▸ THE TASK
Every record is to be copied unchanged, except that its pictures are removed.

▸ RAW DATA
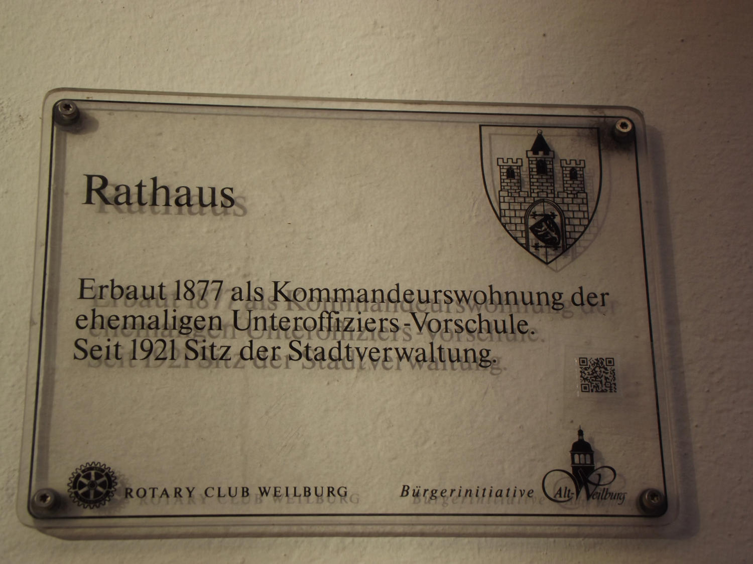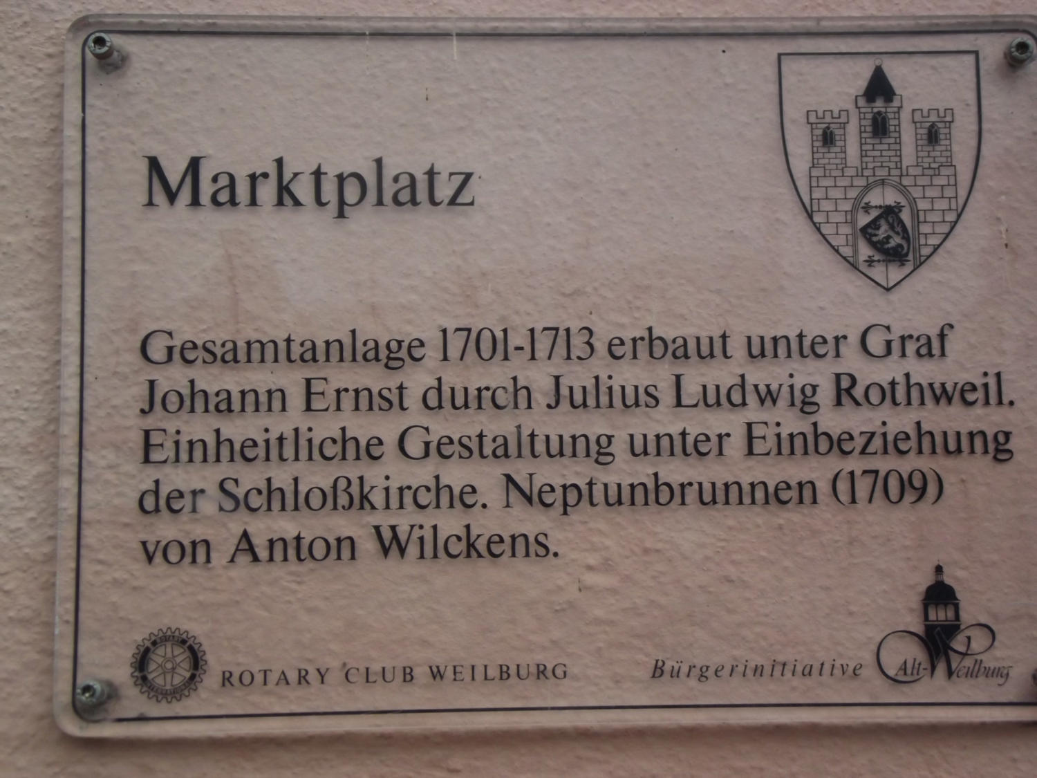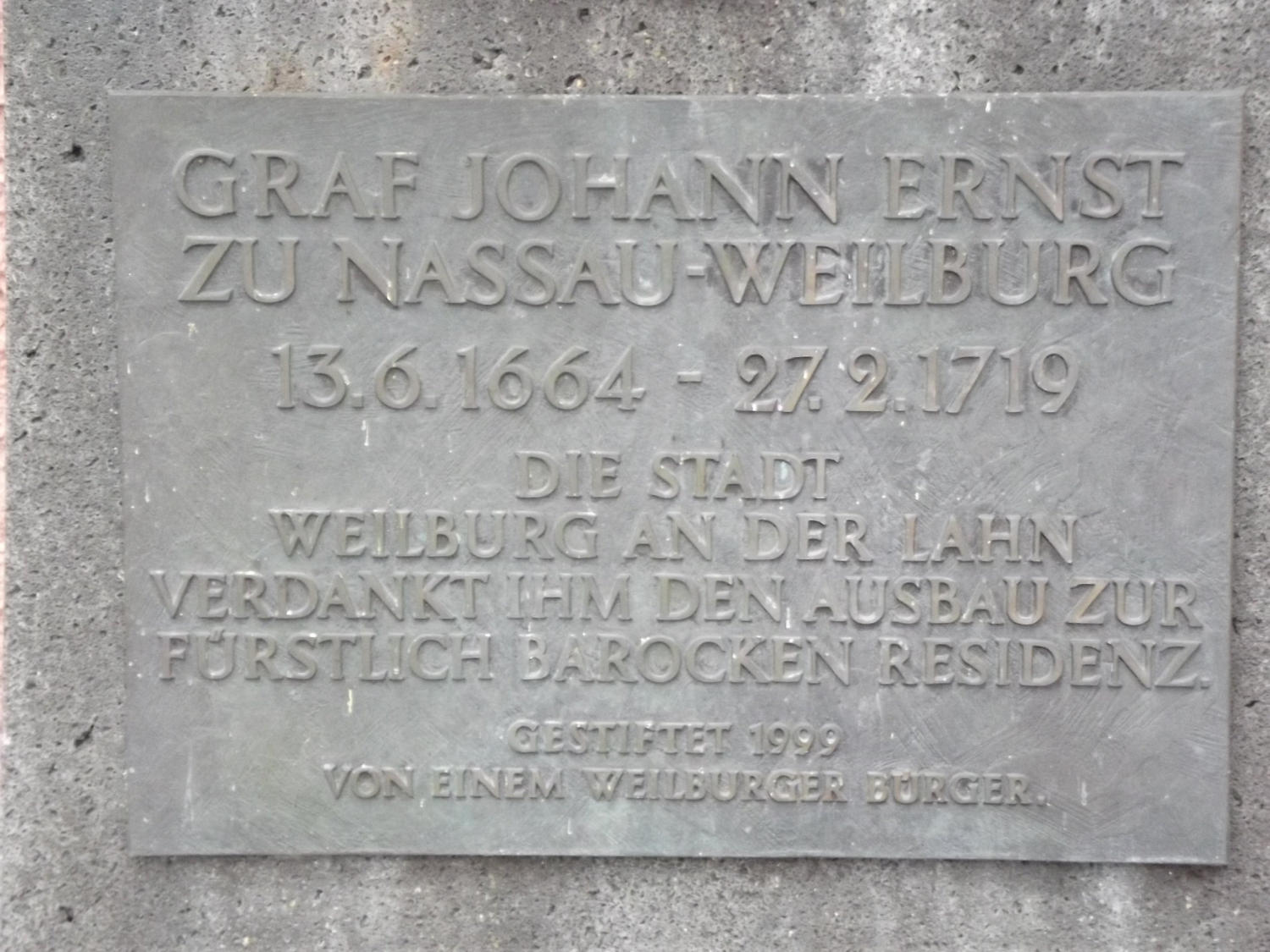 Die Seite zeigt 62+6 Inschriften auf Denkmälern, an Gebäuden und Informationstafeln in der Stadt Weilburg. Die folgende Auflistung ist in
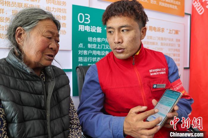 10月17日,在青海省海北藏族自治州剛察縣果洛藏貢麻村,久邁多杰指導(dǎo)牧民用手機(jī)辦理用電業(yè)務(wù)。中新社記者 薛蒂 攝
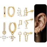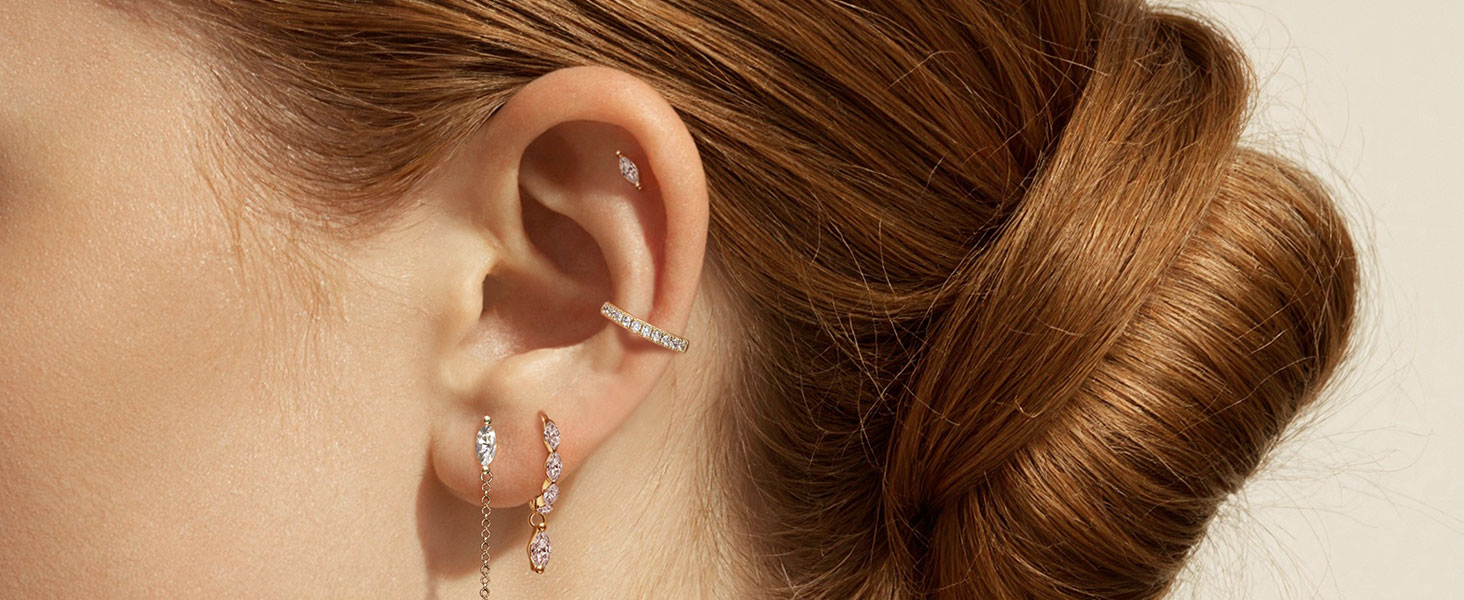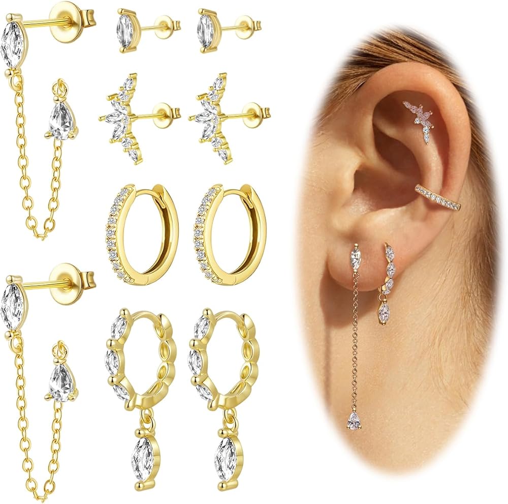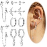 Versatile Chain Earrings & Earring Stacks:Includes chain earrings, stud earrings, hoop earrings, perfect for earlobes and Cartilage Earrings. Wear alone or create stylish earring stacks.
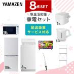 家電セット 一人暮らし 8点セット 冷蔵庫 106L 洗濯機 6kg 電子レンジ シーリングライト 6畳 32型 液晶テレビ 電気ケトル 掃除機 ラック
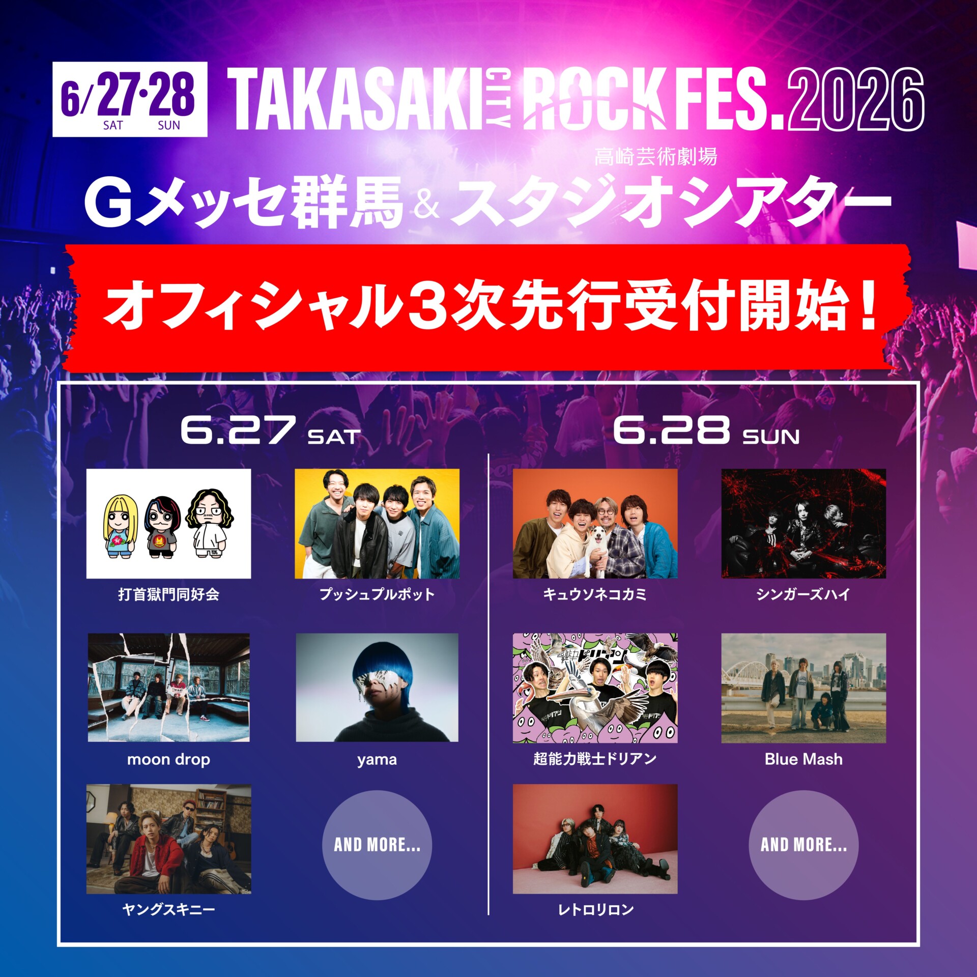 本日2/20(金)より、タカサキロック2026 Gメッセ群馬&高崎芸術劇場スタジオシアターの
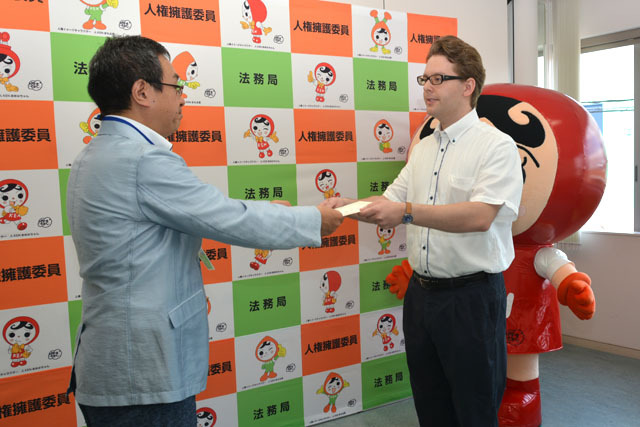 そのほか、イベントに合わせて大館人権擁護委員協議会による街頭啓発が行われ、1日人権擁護委員に委嘱された教育委員会学校教育課のロバート・ショーン・コリガンさんが人権擁護委員と共に市民に啓発パンフレットや啓発用品を配布しました。
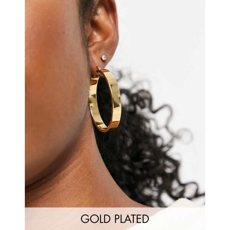 ASOS DESIGN 14k gold plated 35mm hoop earrings in flat design
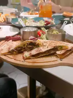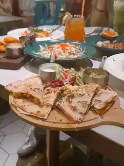 Beef Cheek Mexican Cheese Quesadilla🌮 Included in the set💰 Crispy outside and soft inside😗 The beef cheek meat is tender🥩 with plenty of semi-melted stretchy cheese🫕 Dipped in sour cream and avocado sauce☁️🥑 for a richer taste🤤

▸ TASK ANSWER
 Die Seite zeigt 62+6 Inschriften auf Denkmälern, an Gebäuden und Informationstafeln in der Stadt Weilburg. Die folgende Auflistung ist in
 10月17日,在青海省海北藏族自治州剛察縣果洛藏貢麻村,久邁多杰指導(dǎo)牧民用手機(jī)辦理用電業(yè)務(wù)。中新社記者 薛蒂 攝
 Versatile Chain Earrings & Earring Stacks:Includes chain earrings, stud earrings, hoop earrings, perfect for earlobes and Cartilage Earrings. Wear alone or create stylish earring stacks.
 家電セット 一人暮らし 8点セット 冷蔵庫 106L 洗濯機 6kg 電子レンジ シーリングライト 6畳 32型 液晶テレビ 電気ケトル 掃除機 ラック
 本日2/20(金)より、タカサキロック2026 Gメッセ群馬&高崎芸術劇場スタジオシアターの
 そのほか、イベントに合わせて大館人権擁護委員協議会による街頭啓発が行われ、1日人権擁護委員に委嘱された教育委員会学校教育課のロバート・ショーン・コリガンさんが人権擁護委員と共に市民に啓発パンフレットや啓発用品を配布しました。
 ASOS DESIGN 14k gold plated 35mm hoop earrings in flat design
 Beef Cheek Mexican Cheese Quesadilla🌮 Included in the set💰 Crispy outside and soft inside😗 The beef cheek meat is tender🥩 with plenty of semi-melted stretchy cheese🫕 Dipped in sour cream and avocado sauce☁️🥑 for a richer taste🤤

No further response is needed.